Kürt siyasetiyle taban tabana zıt görüntü veren ve bu görüntüyü
ısrarla vurgulamayı kendisine temel politik ilke edinen İYİ Parti
de iktidarın bu defa örtük gerçekleştirdiği operasyonların bir
diğer hedefi. “Muhalefeti parçalamak” üzerine kurulu iktidarın
seçim politikası. Kendisini büyütemediği için muhalefeti küçük ve
ayrıksı parçalara bölme işini yıllardır yürütüyor. Yıpratmayı en
çok başardığı parti de İYİ Parti. Parti içi kaynamanın topluma
yansıması ve hepten açığa çıkması, gecikmiş de olsa bir nevi safra
atmak misali partiyi hafifletip yükseltecek bir etki yapar kanımca.

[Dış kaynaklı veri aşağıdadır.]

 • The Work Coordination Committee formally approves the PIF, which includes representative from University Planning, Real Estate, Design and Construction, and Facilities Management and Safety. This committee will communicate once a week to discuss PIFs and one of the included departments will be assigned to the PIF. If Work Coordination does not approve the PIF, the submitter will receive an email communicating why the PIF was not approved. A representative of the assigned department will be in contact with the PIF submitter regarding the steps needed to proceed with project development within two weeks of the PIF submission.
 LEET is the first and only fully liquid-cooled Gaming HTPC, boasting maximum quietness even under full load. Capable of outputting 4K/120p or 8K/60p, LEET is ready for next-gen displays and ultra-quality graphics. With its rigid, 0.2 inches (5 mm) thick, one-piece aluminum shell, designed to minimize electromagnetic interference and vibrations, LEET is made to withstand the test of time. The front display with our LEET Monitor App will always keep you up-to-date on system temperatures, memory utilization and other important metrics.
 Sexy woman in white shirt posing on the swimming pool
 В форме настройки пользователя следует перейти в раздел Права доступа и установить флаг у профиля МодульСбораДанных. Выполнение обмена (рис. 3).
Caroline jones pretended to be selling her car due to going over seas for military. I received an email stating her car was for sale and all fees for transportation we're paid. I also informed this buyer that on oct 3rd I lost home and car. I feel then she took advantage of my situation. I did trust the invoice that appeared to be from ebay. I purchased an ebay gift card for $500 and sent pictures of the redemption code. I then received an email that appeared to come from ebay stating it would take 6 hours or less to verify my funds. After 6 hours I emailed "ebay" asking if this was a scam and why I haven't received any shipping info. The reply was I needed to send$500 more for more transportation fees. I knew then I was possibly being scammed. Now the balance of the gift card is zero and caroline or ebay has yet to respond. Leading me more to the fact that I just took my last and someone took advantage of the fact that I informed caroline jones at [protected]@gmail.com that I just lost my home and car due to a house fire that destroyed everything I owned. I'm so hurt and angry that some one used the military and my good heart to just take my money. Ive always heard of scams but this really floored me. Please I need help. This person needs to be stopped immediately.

Yandaş medyanın aralıksız saatler boyu deşmekten yorulmayışı, bu iç
tartışmalarda iktidar parmağı olduğuna şüphe bırakmıyor. Ne olursa
olsun muhalefet bu seçimde rüzgarı arkasına almış gibi görünüyor.
Dolayısıyla bu örtük operasyon da tıpkı açık operasyon gibi
muhalefetin arkasına aldığı seçim rüzgarını kesmeye değil
güçlendirmeye hizmet eder gibi görünüyor bana.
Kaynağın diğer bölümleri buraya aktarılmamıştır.